The “bits per weight” column gives you the effective compression ratio. Q4_0 isn’t exactly 4 bits per weight – the scale factor adds overhead, bringing it to 4.5 bits. K-quants are even less round because of their complex multi-level structure.

We’ll go into the byte-level details of each quantization format in a dedicated chapter. For now, just know that the GGUF parser doesn’t care about the internal structure of quantized blocks – it just needs to know the total byte count to hand off to the weight store.

The Parser Implementation: mmap and Cursors

Akunu’s GGUF parser is written in C with a C++ implementation file (it exposes a C API for maximum compatibility).
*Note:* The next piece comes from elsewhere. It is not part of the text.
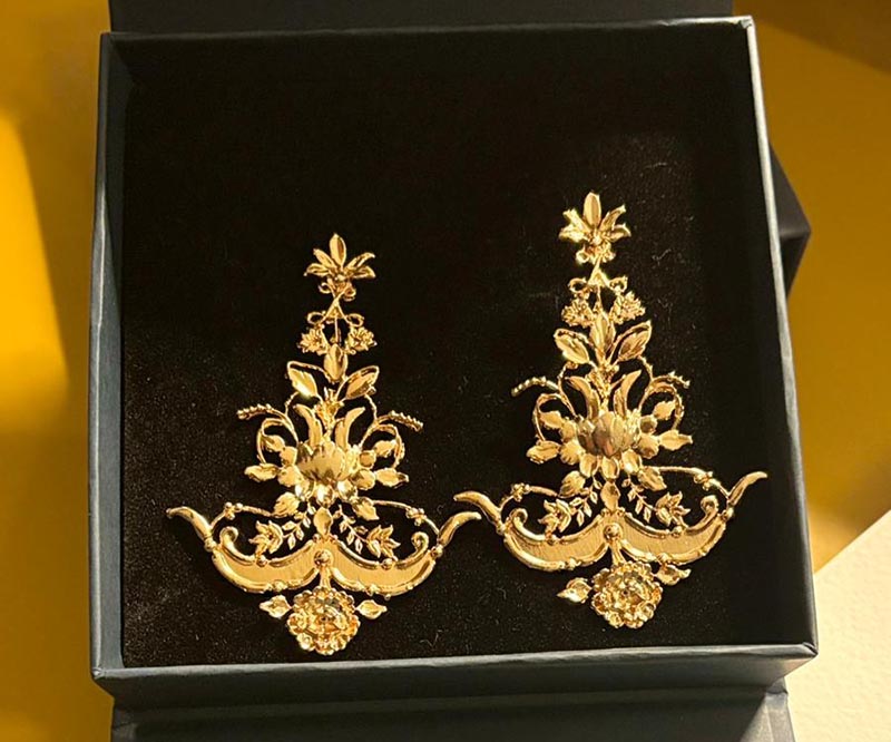 La pieza más especial son unos llamativos pendientes bañados en oro de 24 quilates, que han sido elaborados en exclusiva para Lina Sevilla por el taller cordobés Paula Orfebres. El diseño, inspirado en el estampado de un pañuelo propiedad de la marca, traduce al metal los dibujos y bordados icónicos de las prendas de esta firma, de forma que la herencia textil se transforma en una joya.

The core strategy is simple:

Memory-map the entire file
Walk through it with a cursor pointer
Build hash maps for O(1) lookup by name

Let’s trace through gguf_open() step by step.

Step 1: Open and mmap

GGUFFile gguf_open(const char *path) {
    int fd = open(path, O_RDONLY);
    struct stat st;
    fstat(fd, &st);
    size_t file_size = (size_t)st.st_size;

    void *mapped = mmap(nullptr, file_size, PROT_READ,
                        MAP_PRIVATE, fd, 0);

    GGUFFileImpl *f = new GGUFFileImpl();
    f->fd = fd;
    f->mmap_addr = mapped;
    f->mmap_len = file_size;
    f->cursor = (const uint8_t*)mapped;
    f->end = f->cursor + file_size;
    // ...
}

The MAP_PRIVATE flag means modifications to the mapped region (which we never make) would be copy-on-write. PROT_READ ensures we can only read. The OS will page in data lazily as we access it.

The minimum file size check is 24 bytes (the header). Anything smaller can’t possibly be a valid GGUF file.

Step 2: Parse the header

uint32_t magic = read_u32(f);       // advances cursor by 4
uint32_t version = read_u32(f);     // advances cursor by 4
uint64_t tensor_count = read_u64(f); // advances cursor by 8
uint64_t kv_count = read_u64(f);    // advances cursor by 8

The read_* functions are thin wrappers around memcpy + cursor advance:

static inline uint32_t read_u32(GGUFFileImpl *f) {
    if (!has_bytes(f, 4)) return 0;
    uint32_t v;
    memcpy(&v, f->cursor, 4);
    f->cursor += 4;
    return v;
}

Why memcpy instead of a direct cast like *(uint32_t*)f->cursor? Because direct casts would be undefined behavior if the cursor isn’t aligned to a 4-byte boundary. GGUF strings have variable length, so after reading a string, the cursor can be at any alignment. memcpy is always safe and modern compilers optimize it into the same instruction as a direct load when they can prove alignment.

Step 3: Parse metadata

f->metadata.reserve(kv_count);
for (uint64_t i = 0; i < kv_count; i++) {
    GGUFMetadataKV kv;
    kv.key = read_string(f);
    uint32_t vtype = read_u32(f);
    read_metadata_value(f, &kv, vtype);
    f->metadata_map[kv.key] = f->metadata.size();
    f->metadata.push_back(kv);
}

Each KV pair is read sequentially (you have to, since they’re variable-length). The key string is allocated on the heap and tracked in owned_strings for cleanup. The metadata_map provides O(1) lookup by key name.

Step 4: Parse tensor info

f->tensors.reserve(tensor_count);
for (uint64_t i = 0; i < tensor_count; i++) {
    GGUFTensorInfo ti;
    ti.name = read_string(f);
    ti.n_dims = read_u32(f);
    ti.n_elements = 1;
    for (uint32_t d = 0; d < ti.n_dims; d++) {
        ti.dims[d] = read_u64(f);
        ti.n_elements *= ti.dims[d];
    }
    ti.dtype = read_u32(f);
    ti.offset = read_u64(f);
    f->tensor_map[ti.name] = f->tensors.size();
    f->tensors.push_back(ti);
}

Same pattern: sequential parse, build a hash map. The tensor_map maps tensor names to indices in the tensors vector.

Step 5: Compute data base

size_t header_bytes = (size_t)(f->cursor - (const uint8_t*)f->mmap_addr);
size_t aligned = (header_bytes + GGUF_ALIGNMENT - 1)
               & ~(GGUF_ALIGNMENT - 1);
f->data_base = (const uint8_t*)f->mmap_addr + aligned;

At this point, parsing is complete. The entire header has been walked, and we know where the data section begins.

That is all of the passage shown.